Жизнь ведь, в сущности, преподлая дама, – в одном случае ждешь годы, чтобы одарила милостью, деньгами, карьерой, положением и прочей земной мишурой, а в другом…
Ежели кому-то довелось в этой нелогической жизни одновременно не чаять души в женщине, до слезных спазм ждать и желать ее, и вместе с этими романтическими сантиментальными архаичными атрибутами души ненавидеть ее же, люто желать ее погибели от какой-нибудь подлости жизненной, рвать ее любовные записки и топтать на ее же глазах эти бумажные осколки сердечной преданности ее к тебе, тебе недавнему ее безоглядно обожаемому супругу…
Существовать в подобной сердечной раздвоенности человеку, при его слабосильно умственном статусе, чрезмерно продолжительно не полагается – не больше года, по крайней мере.
Я же оттерпел в точности подобную извращенческую ситуацию около трех лет.
И, разумеется, даром они не прошли ни для моего сердца, ни для души, которая виделась мне в ту пору смрадно пепельной, навечно несвежей и какой-то по-чеховски мудро стариковской, окончательно плюнувшей на свою натуру, которую она в этой преподлой жизни временно представляет. А уж про психические мотивы и распространяться не стоит…
В свое время, узнавши предысторию моей сексуальной психопатии, моя ренуаровская голубка не показала виду, что она потрясена сим нежданным пикантным откровением. То есть положение вещей на любовно-постельном фронте ее вполне устраивало, благо ведь она получала полнейшее удовлетворение на этой самой «дисгармонической почве». Потому как сама же откровенничала, что подобных жеребцовых талантов ей до меня не доводилось осязать воочию, разве что в легендах и порнографических журнальчиках и книжках, заполонивших тогда книжные лотки и развалы.

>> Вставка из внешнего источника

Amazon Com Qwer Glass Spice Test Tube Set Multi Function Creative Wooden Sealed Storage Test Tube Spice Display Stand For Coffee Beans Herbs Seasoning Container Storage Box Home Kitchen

В самом деле, в течении выходного дня, находясь дома, я овладевал женою, в самых неожиданных и как бы неподходящих месторасположениях.
Вот моя голубушка с милой улыбочкой уже не менее получаса судачит по телефону с подружкой, с профессиональной дотошностью обсуждая какую-нибудь очередную женскую мировую проблему: фасон кофточки, высоту каблука, модный боевой раскрас физиономии, безумные речи начальницы отдела и прочие безумные безделицы. Не прерывая этих милых женских сплетен, я безо всяких задних мыслей подсаживаюсь к своей законной обольстительнице, которая своим женским чутьем догадывается именно о них, именно задних и таких несвоевременных, потому как подружка на противоположном конце провода, хорошенько разогревши свою неуемную едучую фантазию, такое начинает щебетать, такие фантастические подробности…

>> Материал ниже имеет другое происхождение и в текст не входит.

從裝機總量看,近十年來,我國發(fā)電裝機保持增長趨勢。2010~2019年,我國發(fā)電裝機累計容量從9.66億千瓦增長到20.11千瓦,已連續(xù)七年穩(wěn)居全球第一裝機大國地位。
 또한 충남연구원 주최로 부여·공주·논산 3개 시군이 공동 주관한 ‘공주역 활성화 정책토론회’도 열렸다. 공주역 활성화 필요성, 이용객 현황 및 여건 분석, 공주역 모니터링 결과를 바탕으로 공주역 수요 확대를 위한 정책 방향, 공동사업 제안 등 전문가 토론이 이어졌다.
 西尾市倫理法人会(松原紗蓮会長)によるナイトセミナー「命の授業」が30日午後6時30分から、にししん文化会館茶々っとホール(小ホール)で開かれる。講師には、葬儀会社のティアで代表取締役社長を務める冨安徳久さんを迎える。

Но мне терять уже нечего, раз мои простодушные намерения расшифрованы с быстротою неодушевленного компьютера, с которым она работает на своей финансово-кредитной службе, и поэтому все ее силовые приемы (одной рукой!) направленные против моей плотоядно настойчивой натуры домашнего насильника, совершенно не препятствуют моим целенаправленным действиям.
В итоге моя избранница, не отрывая от своего настороженного ушка телефонной трубки, вынуждена поменять насиженную пригретую диванную подушку на неустойчивое вожделенно валкое седло, на которое она взгромоздилась по моей настоятельной супружеской просьбе, предварительно насадившись на устрашающий (для маленьких девочек) неколеблемый живой кол с фиолетовым грозным шишаком.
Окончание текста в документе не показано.